Part 1: What the book’s about

Meet the Frugalwoods is a memoir. As the book’s description states, it’s “The deeply personal story of how award-winning personal finance blogger Elizabeth Willard Thames abandoned a successful career in the city and embraced frugality to create a more meaningful, purpose-driven life, and retire to a homestead in the Vermont woods at age thirty-two with her husband and daughter.

It’s not a personal finance how-to book.

It’s the story of the author’s journey from here to there. You might learn a thing or two about how Thames managed her money while you take this journey with her, but it’s a memoir. If you read it with the expectation that you’ll learn her life’s story, you won’t be disappointed.

But if you’re a Frugalwoods fan expecting to be highlighting tips for how you, too, can “retire” at 32, you can put that highlighter away right now.

Part 2: How it’s categorized and positioned

The publisher specializes in business books; the book is categorized as “personal finance,” “budgeting & money management,” and “retirement planning.”

But it’s a memoir. Sure, there’s room for advice in a memoir, but it’s certainly not a classic business or financial planning book.

Some discovering this book while searching Amazon for personal finance top sellers who saw it has a ton of reviews and didn’t read the book description might buy it expecting to get all kinds of personal finance tips.

Part 3: The definition of “average”

The author described her household income as “average.” Yet, their move to the country involved selling the Cambridge, Mass., home they bought for $460,000. Many “average” income earners in Middle America can’t afford a home valued at nearly half a million dollars.

In addition, Amazon one-star reviewer “A B” reports that “According to public records, Nate made $225,000 in 2014 and $271,000 in 2016 working as a non-profit executive.” (Nonprofits are required to report this information.)

Reviewer A B had to search for the information online because it’s not in the book.
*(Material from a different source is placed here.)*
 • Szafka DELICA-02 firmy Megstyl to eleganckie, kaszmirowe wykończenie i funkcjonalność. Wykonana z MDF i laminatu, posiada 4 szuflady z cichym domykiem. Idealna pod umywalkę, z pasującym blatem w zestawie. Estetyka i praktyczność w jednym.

That seems like a key point — something to share in a “personal finance” book. As a reader, before I’m impressed with what you’ve accomplished, I need to know your starting point.
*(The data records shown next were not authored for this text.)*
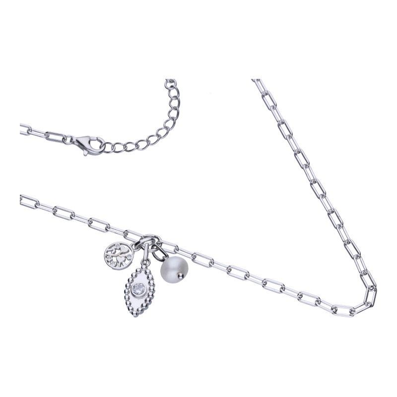 HALSKETTE, 925 SILBER, RHODINIERT, LÄNGE 42 cm + 3 cm VERLÄNGERUNG, PERLE, BAUM, AUGE, SILBERGEWICHT 4,9 G.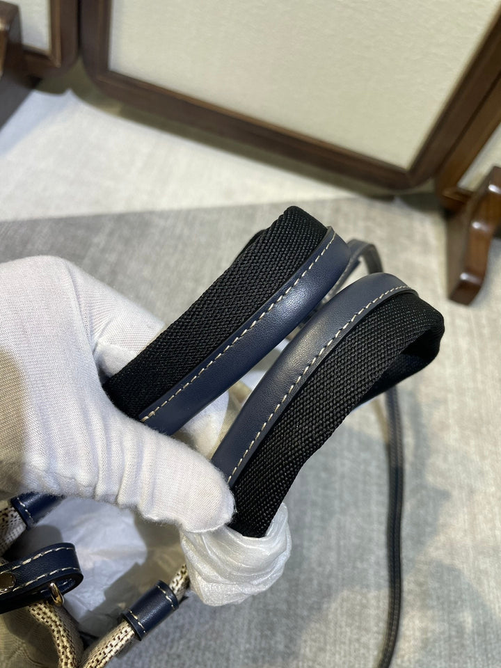 SMALL STRAP WOODY TOTE BAG 26.5 IN BEIGE LINEN CANVAS BLACK WEBBING DARK BLUE CALFSKIN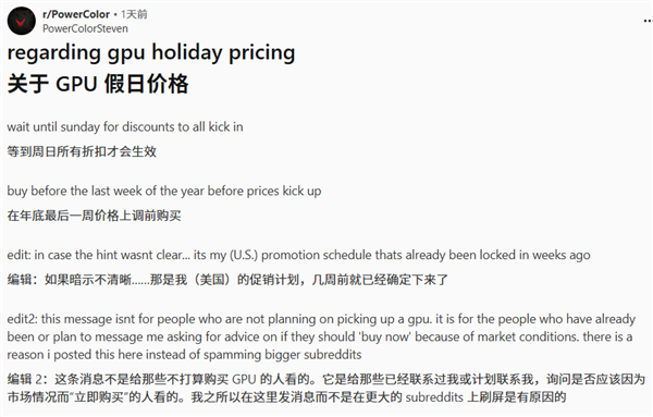 撼讯的公关代表Steven在Reddit上发帖,提醒潜在的显卡买家:“等到周日折扣将全部生效,并在年底的最后一周前购买,因为之后价格将会上涨。”

Why is it missing? Probably because the author is trying to hide it.

A few other one-star reviewers singled out income as a key reason they were disillusioned after reading the book, too. Thames’s blog led them to believe her family is “just like us.” For many, though, they aren’t.
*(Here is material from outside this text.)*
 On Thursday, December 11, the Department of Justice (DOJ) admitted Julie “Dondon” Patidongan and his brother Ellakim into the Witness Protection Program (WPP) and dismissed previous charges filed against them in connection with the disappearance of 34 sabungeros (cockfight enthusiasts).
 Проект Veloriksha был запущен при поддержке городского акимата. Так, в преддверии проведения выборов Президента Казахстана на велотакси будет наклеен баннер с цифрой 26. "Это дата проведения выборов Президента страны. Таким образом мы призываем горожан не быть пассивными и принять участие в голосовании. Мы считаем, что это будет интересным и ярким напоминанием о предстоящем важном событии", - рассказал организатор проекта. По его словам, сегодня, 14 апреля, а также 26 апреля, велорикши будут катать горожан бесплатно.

“Average” is relative, of course. You might argue that a nearly $300,000 income in Cambridge, home of Harvard University, is average. But the Bureau of Labor Statistics reports that the median annual income for millennials is $36,000.

A household income that exceeds $271,000 isn’t “average.”

Part 4: The definition of “retire”

A key selling point of this book is that the couple “retired” when the author was 32.

She “retired” only if you use the definition you have in mind when you say, “I don’t feel well, so I’m going to retire to my bed.”

They aren’t living off their savings for the rest of their lives. They’re working from home. Yes, they have more financial independence than many, but they aren’t “retired” from earning a living. They’re “retired” from their previous lifestyle.

Part 5: The key to success

The key to success, according to this book, is that to save a lot of money, you have to have a lot of money to save.

It reminds me of an old (OLD!) Steve Martin joke from his stand-up comedy routine, “You Can Be a Millionaire.” Steve says, “First, you get a million dollars.”

Turns out that an essential financial tip from the book is, “Start with a lot of money.” That might be hard for the “average” income-earner.

So what?

In spite of the grumbling among Amazon reader reviews and on other sites, the author will probably earn out her advance and receive royalties she and her husband can spend in their, um, “retirement.”

While the handful of one-star reviews are smart, thoughtful, and logical — these reviewers make an excellent case for their disappointment — they’re in the minority.

Clearly, many like what they read.

The moral of the story

Still, we can learn a few things from this little story.

I’d put the importance of honesty and transparency at the top of the list.

It’s hard for me to understand how Thames has achieved the status she has while carefully guarding her income information. I would need a specific before and after perspective before drinking the Frugalwoods-flavored Kool-Aid.

In addition, you’re doing something wrong if you’ve disappointed your biggest fans.

Blogger J.D. Ross of Get Rich Slowly makes it clear he’s an admirer, but he’s not blind enough to overlook a key detail about the book in a review on his site.

In an otherwise positive review, he writes, “The only real acknowledgement of the role income played in the process comes during the book’s introduction: ‘In order to save large amounts of money, you have to have a sufficient amount of money coming in,’ Liz writes. ‘You can’t frugalize income you don’t earn.’ That’s great, but it comes in the midst of a seven-page apology for “privilege” and not in the meat of the book. I think it’s a vitally important point, and the fact that the subject is wholly missing from Meet the Frugalwoods is a mystery to me.

It’s not a mystery to me.

The author knows it would undermine her efforts to help others, so she hides it. While I’m sure she’s well-intended, it’s the blogger-turned-author-equivalent of an anger management guru caught flipping out at an airline employee over a flight delay.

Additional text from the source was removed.